John Conte, associate professor of cardiac surgery, has received the Cuore a Cuore (Italian for heart to heart) Award from the Society of Thoracic Surgeons for his commitment to patients with heart failure. The award was created in 2004 to recognize the achievements of two Milanese specialists who perform surgical ventricular restoration on patients with congestive heart failure.

Todd Dorman, associate professor of anesthesiology and critical care medicine, has been named vice chair for critical care in the Department of Anesthesiology and Critical Care Medicine.

Hendree Jones, assistant professor of psychiatry and behavioral sciences, has received the 2005 American Psychological Association Distinguished Scientific Award for Early Career Contribution to Psychology in the area of Applied Psychology. She will share a $1,000 prize with a co-winner from Michigan State University.

W. Lowell Maughan, professor of medicine and biomedical engineering and associate director of cardiology, has been honored by Washington State University with an Alumni Achievement Award.

Ira D. Papel, associate professor of otolaryngology-head and neck surgery, has been chosen president-elect of the American Academy of Facial Plastic and Reconstructive Surgery, the largest specialty plastic surgery organization in the world.

Noel R. Rose, professor of pathology, molecular microbiology and immunization, and director of the Center for Autoimmune Disease Research, has received two honors for achievements in his field. The Fourth International Congress on Autoimmunity gave him the first Aesku Diagnostics Award for Lifetime Contribution to Autoimmunity in November, and the American Society for Microbiology will give him its Founders Distinguished Service Award in June.

Paul Scheel Jr., associate professor of medicine, has been appointed chief of the Division of Nephrology.

Lisa Scheifele, a postdoctoral fellow, has received a three-year Damon Runyon Cancer Research Foundation Fellowship Award. Scheifele is working with Jef Boeke, professor of molecular biology and genetics and director of the High Throughput Biology Center in the Institute for Basic Biomedial Sciences.

Mike Weisfeldt, director and William Osler Professor of medicine, has been invited to deliver the keynote address to the Association of Black Cardiologists meeting at the annual American College of Cardiology gathering in Orlando, Fla., on March 5.

 

School of Nursing

Marion Ball, adjunct professor, received the 2005 Book of the Year Award for Consumer Informatics from the Healthcare Information and Management Systems Society for Applications and Strategies in Cyber Health. Among the book's contributors is assistant professor Kay Cresci, who co-wrote a chapter titled "The Convergence of Health Promotion and the Internet."

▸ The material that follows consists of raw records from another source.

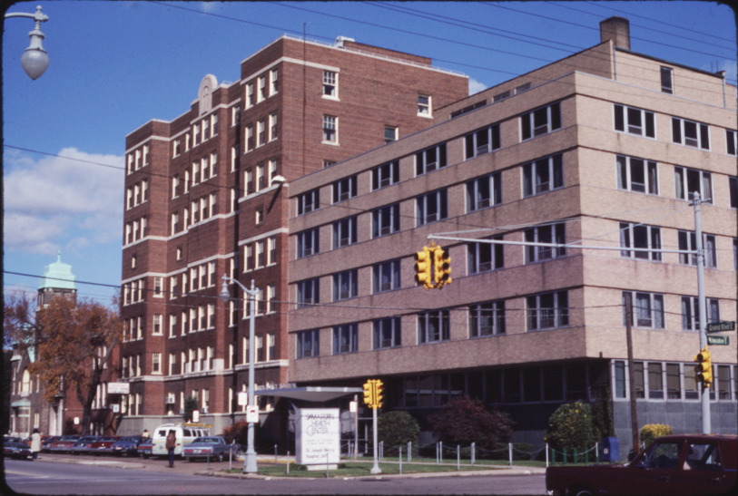 View of St. Joseph Hospital on the corner of E. Grand Blvd. and Milwaukee. Handwritten on mount: "St. Joseph Hospital, cor. E. Gd. Blvd. & Milwaukee."
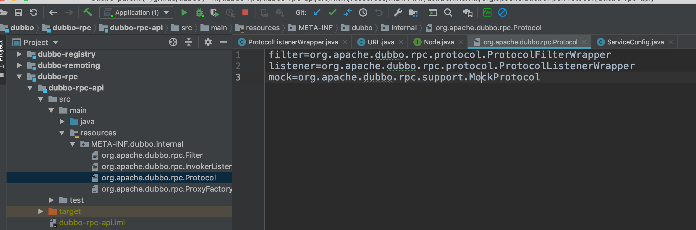 这里dubbo-rpc-api.jar包里META/dubbo/internal下配置ProtocolFilterWrapper和ProtocolListenerWrapper是Protocol下是Protocol的包装类,这个两个会默认执行.
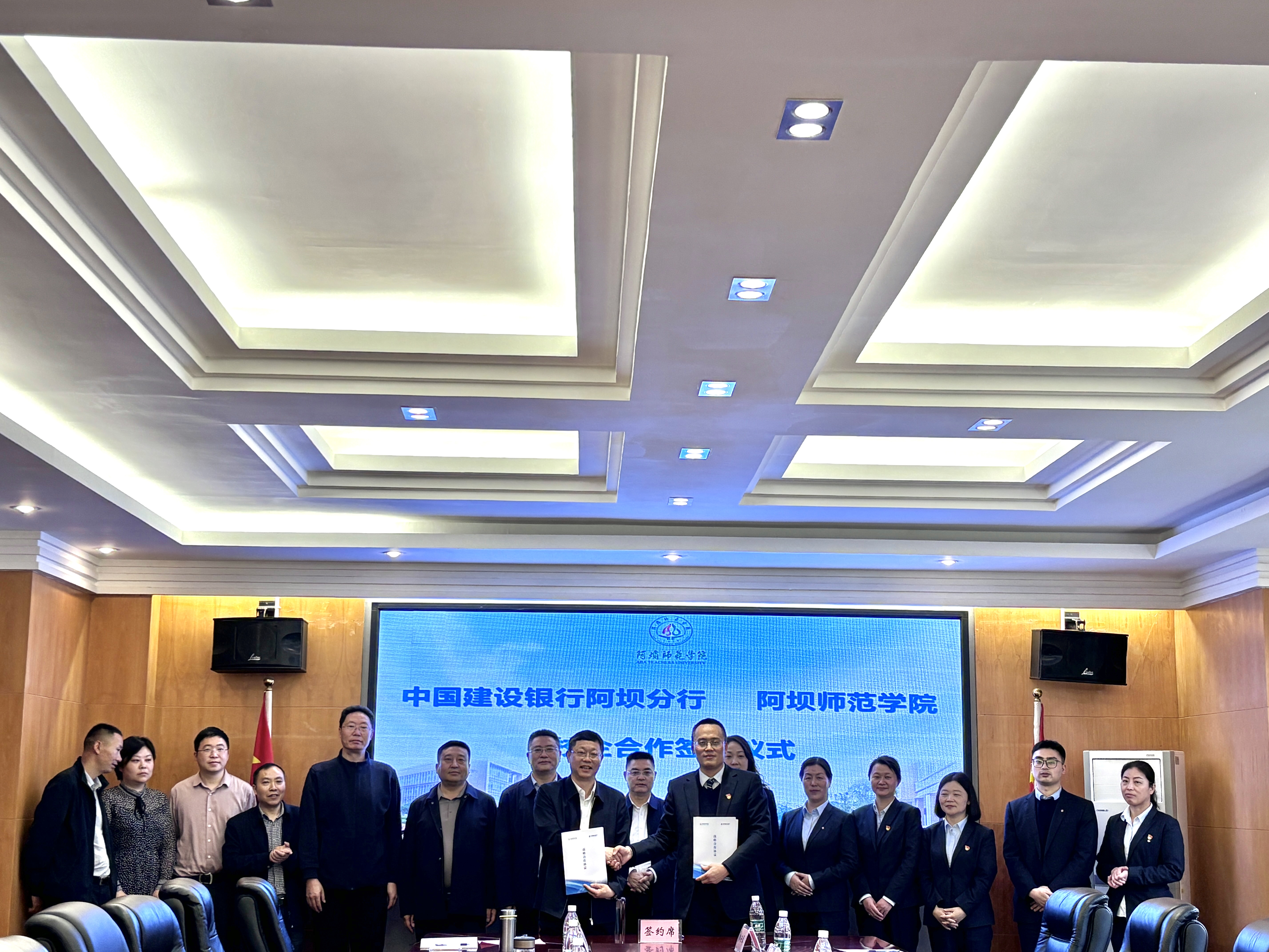 据悉,中国建设银行阿坝分行公司部总经理卞小梅、余茂江,中国建设银行汶川支行行长贺欣、公司部总经理韩兴翠;我校对外合作处处长罗清杨,计划财务处处长杨双华,教育信息技术中心副主任李睿,党政办公室副主任周雪等参加仪式。
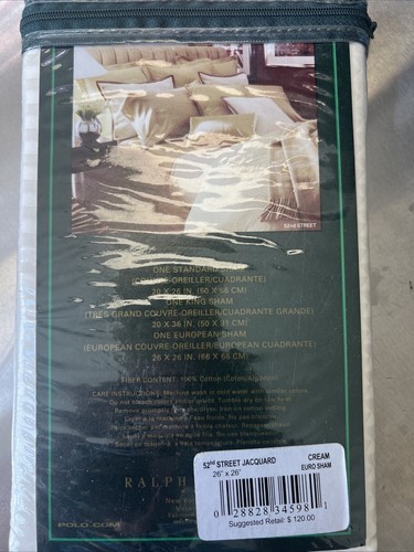 - NewVintage Ralph Lauren 52nd Street Jacquard Cream European Shams Sateen Cotton

Neysa Ernst, a junior, was elected president of the Maryland Association of Nursing Students and will begin her one-year term in March. Ernst is the third consecutive student from Johns Hopkins to be elected MANS president.

Fannie Gaston-Johansson, professor, has joined the Royal Society of Arts and Sciences of Goteborg, Sweden. The first nurse voted into the organization, a scientific honor society started in 1778, Gaston-Johansson occupies one of the medical seats.

Sharon Olsen, assistant professor, was awarded Nursing Research Book of the Year from the American Journal of Nursing for the third edition of Instruments for Clinical Health-Care Research.

Julie Stanik-Hutt, associate professor, was elected national affiliate representative to the board of directors for the American College of Nurse Practitioners.